Granting relief to lenders and real estate developers, the Reserve Bank of India (RBI) on Thursday allowed a one-year extension of the date of commencement of commercial operations (DCCO) for project loans, which are delayed for reasons beyond the promoters’ control.
The DCCO is significant because repayment schedules are linked to it. RBI also said the asset classification of project loans need not be downgraded by lenders during this period. “It has been decided to permit extension of date of commencement of commercial operations (DCCO) of project loans for commercial real estate, delayed for reasons beyond the control of promoters, by another one year without downgrading the asset classification, in line with treatment accorded to other project loans for non-infrastructure sector,” RBI said.
The central bank’s leeway to lenders on reclassification of these loans is expected to positively impact the profitability of banks, India Ratings and Research associate director Karan Gupta said. “Till now, banks had to downgrade the classification of these loans and make a provision against them, but they won’t have to do that any more. They can restructure these loans and a lower provision amount will be required. The benefit is largely on the profitability of banks because of the lower provisioning,” Gupta told FE.

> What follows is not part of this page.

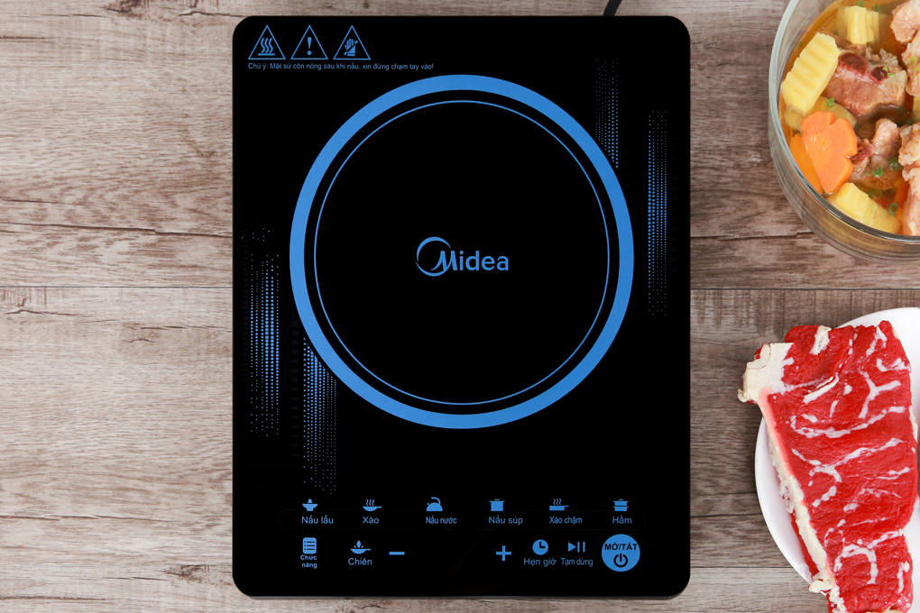 Bếp từ Midea MI-T2117DC có màu đen, họa tiết màu xanh nổi bật, sang trọng trong không gian đun nấu

The reclassification leeway is also expected to benefit stressed housing financiers. This measure could help some housing finance companies run down their wholesale lending books sooner than anticipated. The one-year extension in the DCCO will also give a much-needed breather to real estate developers who are facing genuine delays, industry players said. The sector has been dragged down by project delays and piling inventories. “The (RBI) move will help ease out the time for maintaining and managing cash flows for developers and help them in completing many of the stuck projects,” Hiranandani Group co-founder Niranjan Hiranandani said. In September 2019, the government also announced a Rs 10,000-crore stressed asset fund as a relief for the real estate sector.

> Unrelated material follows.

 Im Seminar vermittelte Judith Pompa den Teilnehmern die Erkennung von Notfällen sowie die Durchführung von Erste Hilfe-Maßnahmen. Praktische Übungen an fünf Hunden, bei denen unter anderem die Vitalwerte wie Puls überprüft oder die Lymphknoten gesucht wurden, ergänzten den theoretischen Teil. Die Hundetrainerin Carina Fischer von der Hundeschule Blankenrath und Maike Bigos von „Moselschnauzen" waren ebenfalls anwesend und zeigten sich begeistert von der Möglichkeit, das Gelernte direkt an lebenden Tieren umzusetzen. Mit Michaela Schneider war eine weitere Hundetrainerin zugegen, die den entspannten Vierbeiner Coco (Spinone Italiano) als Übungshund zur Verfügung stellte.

However, some analysts think the measures will only provide “marginal relief” to cash-strapped realty firms. “The real challenge is where projects are operational and residential sales aren’t happening, and developers are sitting on huge amount of inventory. There is no relaxation there,” analysts at Macquarie Capital Securities (India) said.
Industry players are also disappointed that the MPC kept the repo rate unchanged in a slowing demand scenario, Hiranandani said.